• **EXERCISE DIRECTIONS**
Without the pictures, write out all the lines below exactly as they appear.

(Stored data entries)
-- -- --

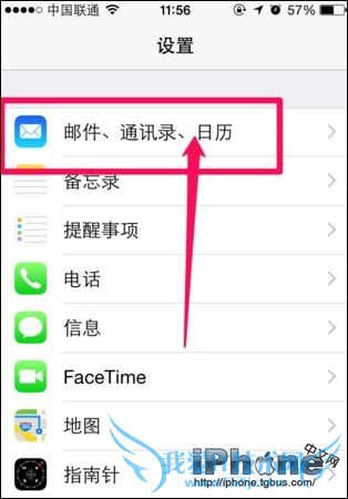 1、打开苹果iPhone6手机【设置】,点击【邮件、通讯录、日历】找到日历相关选项。
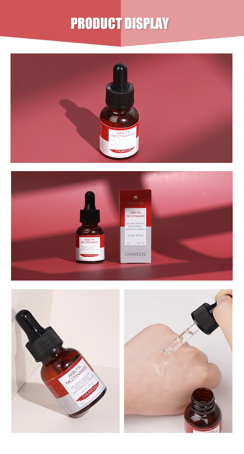 Содержит арбутин и никотинамид, может быстро проникать в кожу, эффективно препятствует активности тирозиназа в коже, блокирует образование меланина, И непосредственно сочетаются с тирозиназой для ускорения разложения и выведения меланина. Уменьшает пигментацию кожи, удаляет пятна и веснушки и не вызывает токсичных, раздражающих, аллергенных воздействий на меланоциты, делает кожу яркой и гладкой
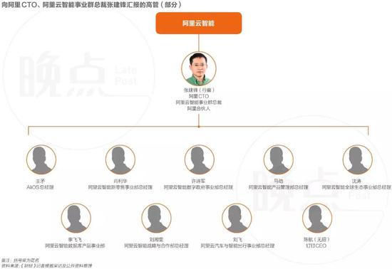 據《財經》記者不完全統計,目前直接向張建鋒彙報的管理層包括AliOS總經理王矛、阿里雲智能新零售事業部總經理肖利華、阿里雲智能數字政府事業部總經理許詩軍、阿里雲智能產品管理部總經理馬勁、阿里雲智能全球生態事業部總經理沈濤、阿里雲智能數據庫產品事業部李飛飛、阿里雲智能戰略與合作部總經理劉湘雯、阿里雲汽車與智能出行事業部總經理劉飛等人,釘釘CEO陳航(無招)目前也直接向張建鋒彙報。
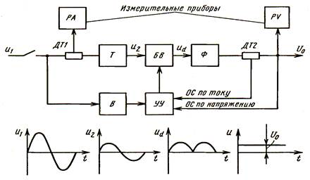 Основными элементами ВУ являются трансформатор, выпрямляющее звено и сглаживающий фильтр.
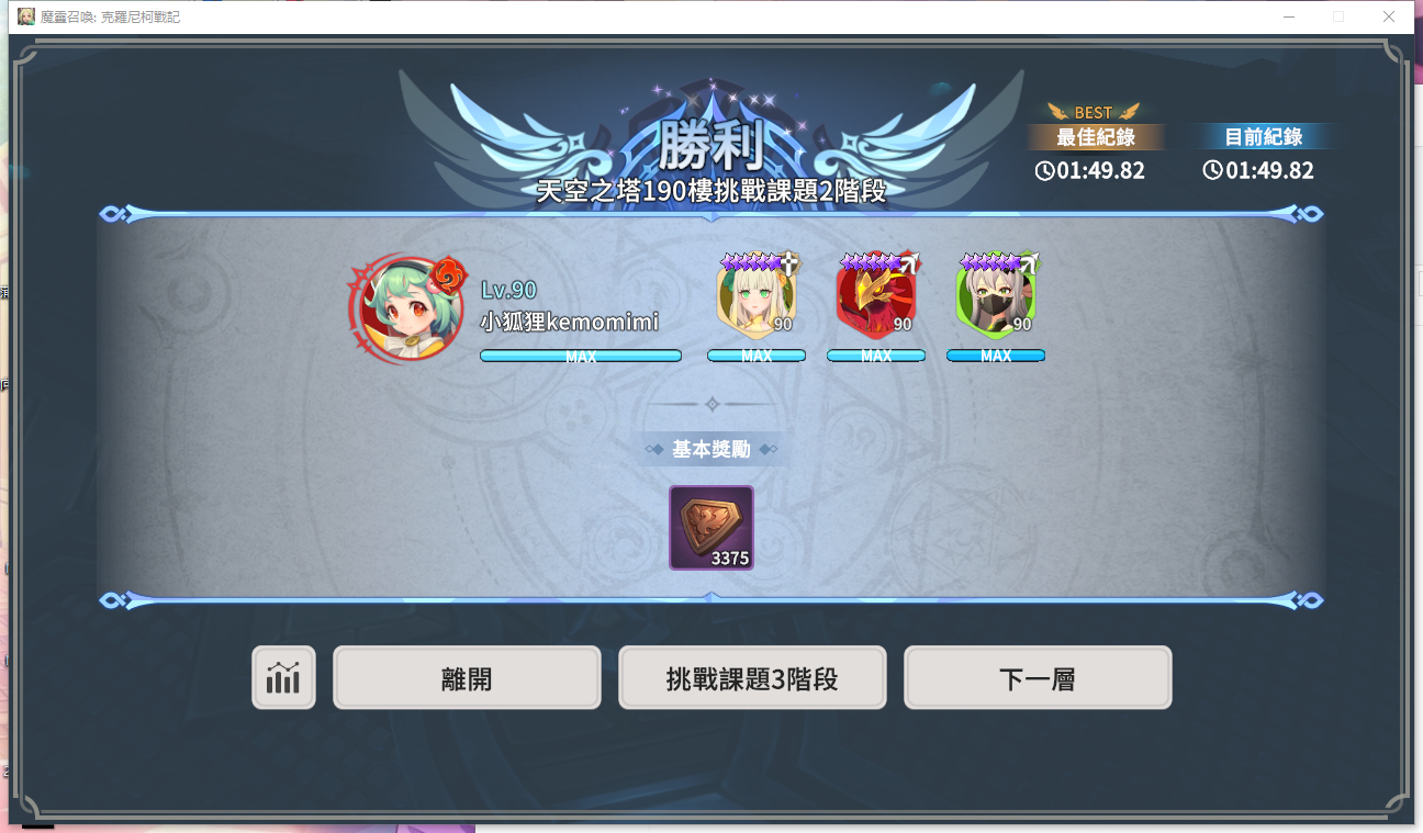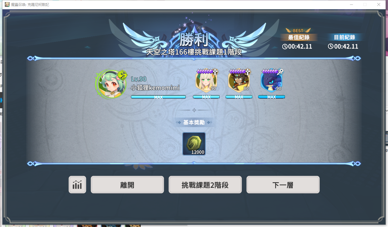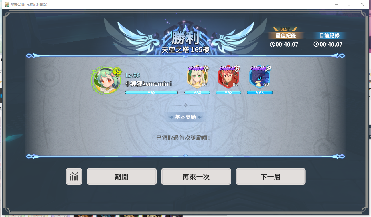 165 | ![]() | 165的怪物都是使用大量的dot造成伤害的,因此选择光基地配合风奶妈本体加解除弱化效果的魔灵来保证队伍身上没有debuff |
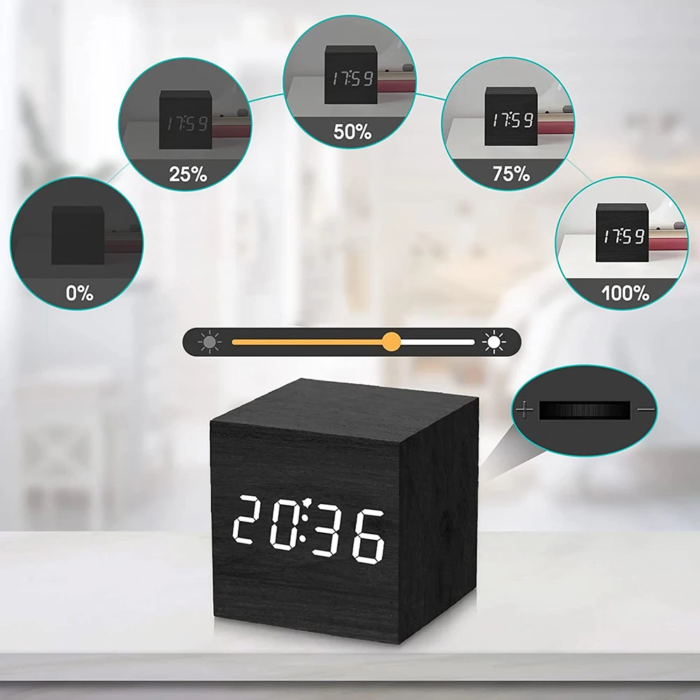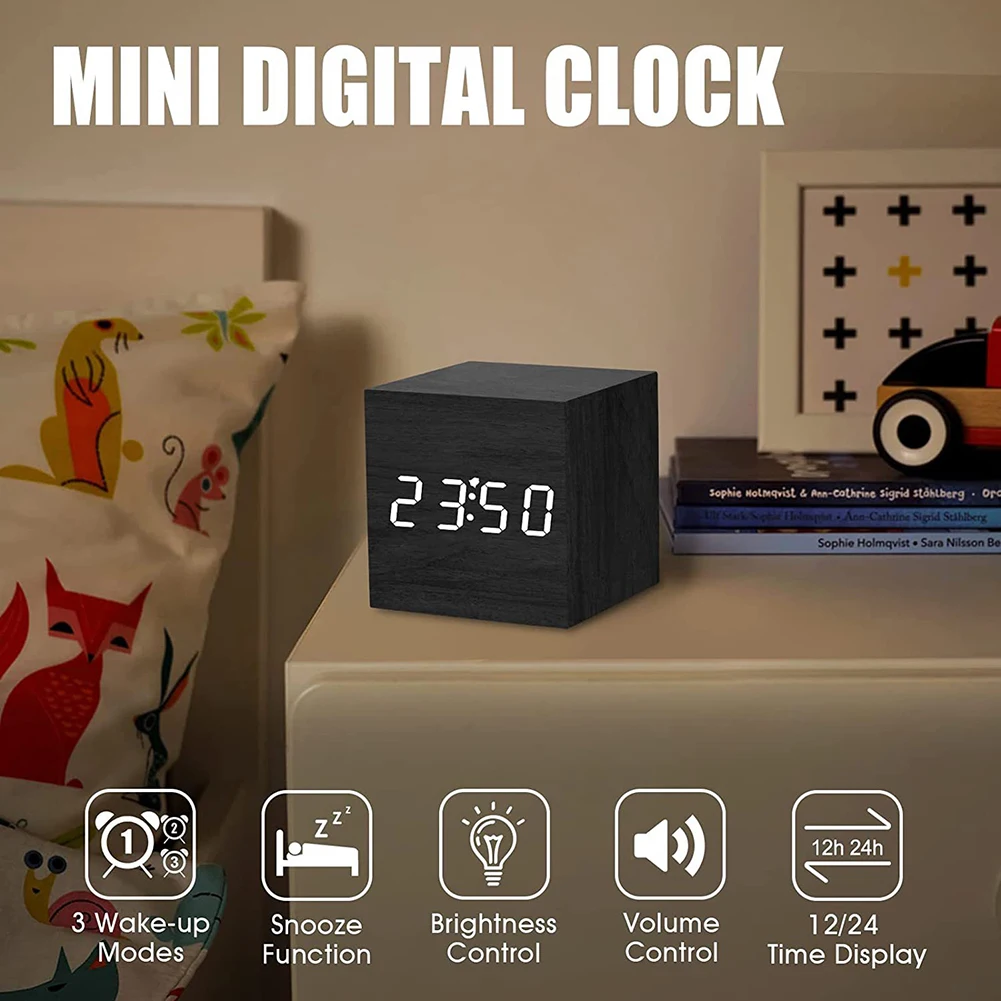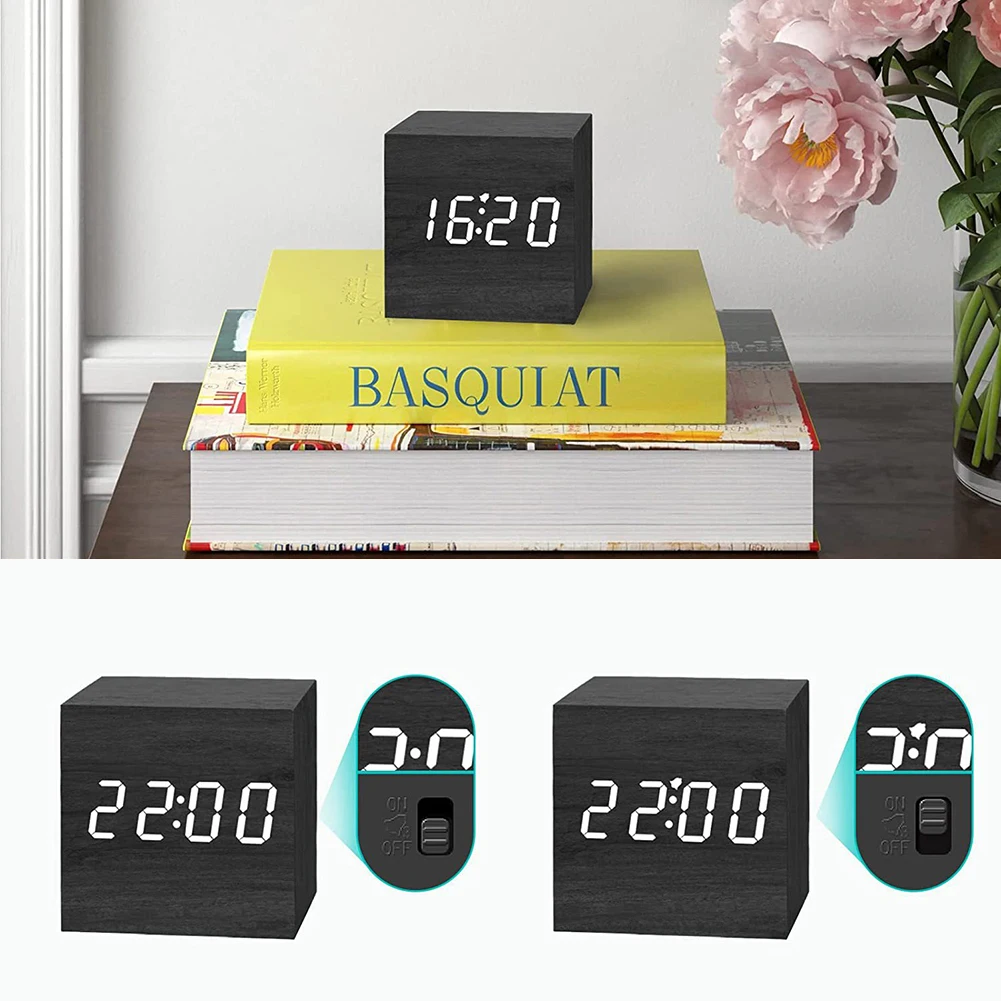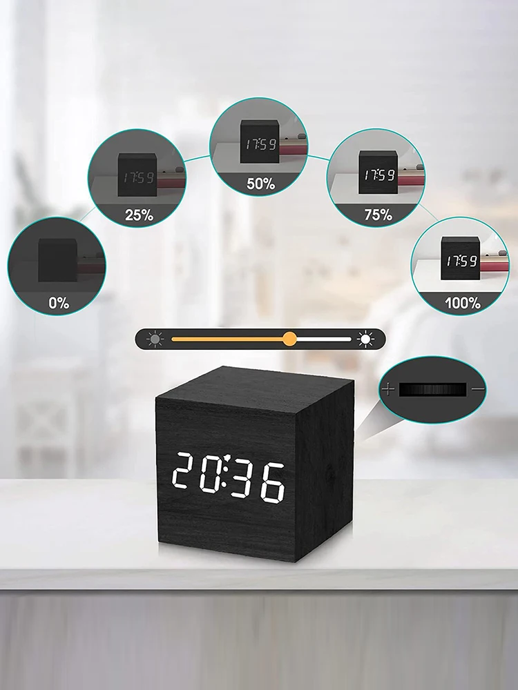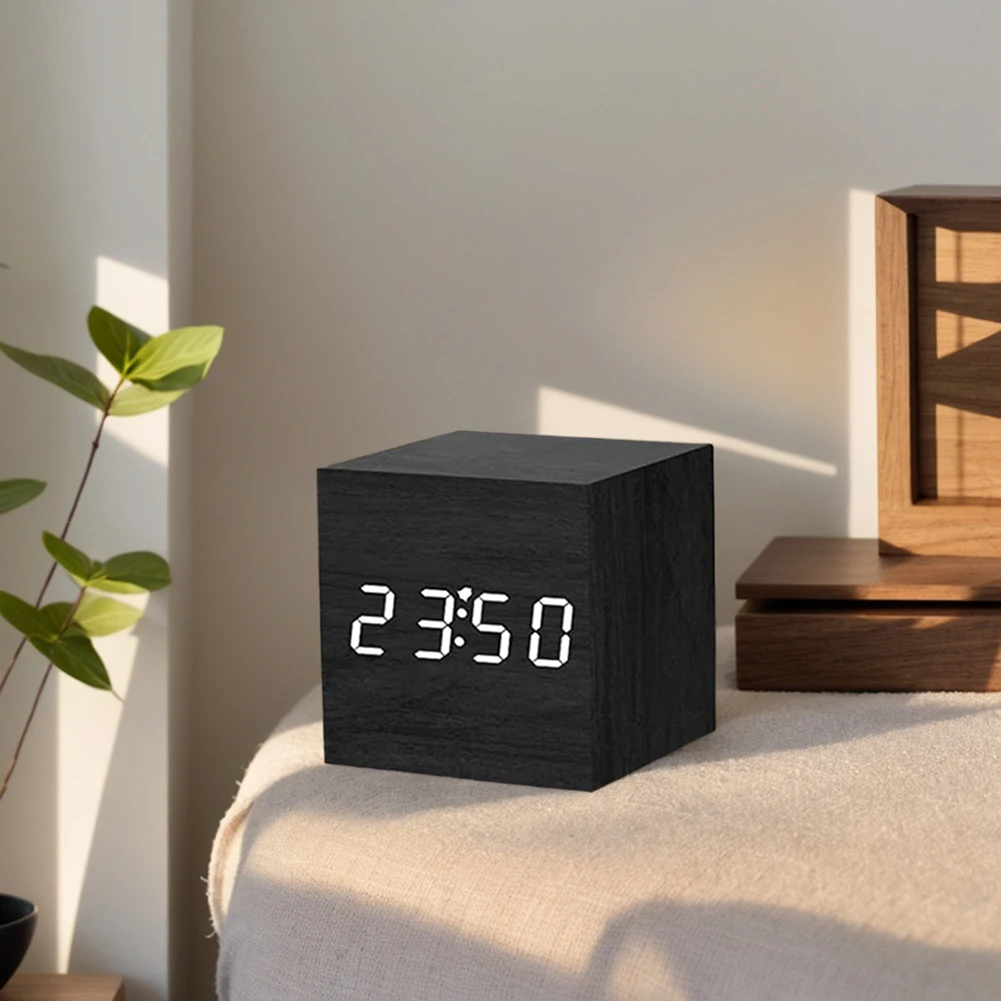 3. LED Illumination: Enjoy a clean, contemporary vibe as the LED display subtly shines through the wooden facade of this LED bedside clock, providing a warm glow and clear visibility without compromising on the aesthetic.
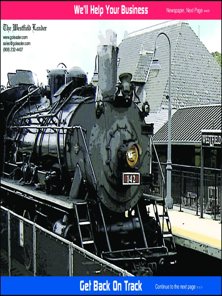 Well Help Your BusinessNewspaper, Next Page The Westfield Leader www.goleader.com sales×goleader.com (908) 2324407Get Back On TrackContinue to the next page Ad Populous, Non Adieus, Parvenus OUR
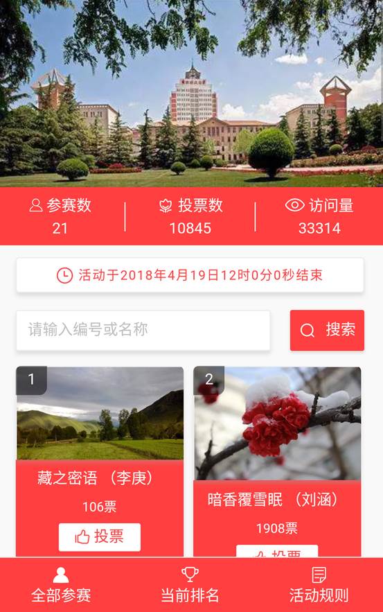 此次活动得到广大同学的积极响应,经过海选,入围的21个作品在4月18日至20日进入网络投票阶段,并在“金年会jinnian研究生会”微信公众号进行展示。参赛作品中《风光秀丽》和《美不胜收》,无一不展示了校区的独特风景,渲染了飞扬的青春,定格了校园落英缤纷的季节。经过激烈的角逐,曾媛同学以2575票获得第一名,刘涵、王鹏飞等同学也获得了可喜的成绩。本次比赛在全院师生中引起了强烈的反响,在公司掀起一股纪录生活的摄影风。至此,本次比赛在同学们高涨的热情中圆满结束。
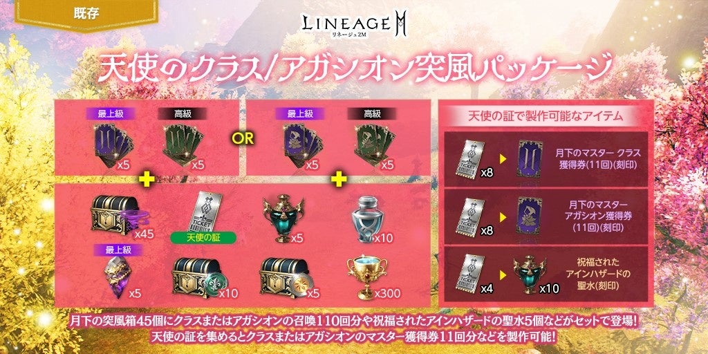 「月下の突風箱(刻印)」45個に、クラスまたはアガシオン召喚110回分、「祝福されたアインハザードの聖水(刻印)」5個、「天使の証(刻印)」1個などがセットになった「天使のクラス/アガシオン突風パッケージ」が登場しました。

-- -- --

• **COMPLETED EXERCISE**
 1、打开苹果iPhone6手机【设置】,点击【邮件、通讯录、日历】找到日历相关选项。
 Содержит арбутин и никотинамид, может быстро проникать в кожу, эффективно препятствует активности тирозиназа в коже, блокирует образование меланина, И непосредственно сочетаются с тирозиназой для ускорения разложения и выведения меланина. Уменьшает пигментацию кожи, удаляет пятна и веснушки и не вызывает токсичных, раздражающих, аллергенных воздействий на меланоциты, делает кожу яркой и гладкой
 據《財經》記者不完全統計,目前直接向張建鋒彙報的管理層包括AliOS總經理王矛、阿里雲智能新零售事業部總經理肖利華、阿里雲智能數字政府事業部總經理許詩軍、阿里雲智能產品管理部總經理馬勁、阿里雲智能全球生態事業部總經理沈濤、阿里雲智能數據庫產品事業部李飛飛、阿里雲智能戰略與合作部總經理劉湘雯、阿里雲汽車與智能出行事業部總經理劉飛等人,釘釘CEO陳航(無招)目前也直接向張建鋒彙報。
 Основными элементами ВУ являются трансформатор, выпрямляющее звено и сглаживающий фильтр.
 165 | ![]() | 165的怪物都是使用大量的dot造成伤害的,因此选择光基地配合风奶妈本体加解除弱化效果的魔灵来保证队伍身上没有debuff |
 3. LED Illumination: Enjoy a clean, contemporary vibe as the LED display subtly shines through the wooden facade of this LED bedside clock, providing a warm glow and clear visibility without compromising on the aesthetic.
 Well Help Your BusinessNewspaper, Next Page The Westfield Leader www.goleader.com sales×goleader.com (908) 2324407Get Back On TrackContinue to the next page Ad Populous, Non Adieus, Parvenus OUR
 此次活动得到广大同学的积极响应,经过海选,入围的21个作品在4月18日至20日进入网络投票阶段,并在“金年会jinnian研究生会”微信公众号进行展示。参赛作品中《风光秀丽》和《美不胜收》,无一不展示了校区的独特风景,渲染了飞扬的青春,定格了校园落英缤纷的季节。经过激烈的角逐,曾媛同学以2575票获得第一名,刘涵、王鹏飞等同学也获得了可喜的成绩。本次比赛在全院师生中引起了强烈的反响,在公司掀起一股纪录生活的摄影风。至此,本次比赛在同学们高涨的热情中圆满结束。
 「月下の突風箱(刻印)」45個に、クラスまたはアガシオン召喚110回分、「祝福されたアインハザードの聖水(刻印)」5個、「天使の証(刻印)」1個などがセットになった「天使のクラス/アガシオン突風パッケージ」が登場しました。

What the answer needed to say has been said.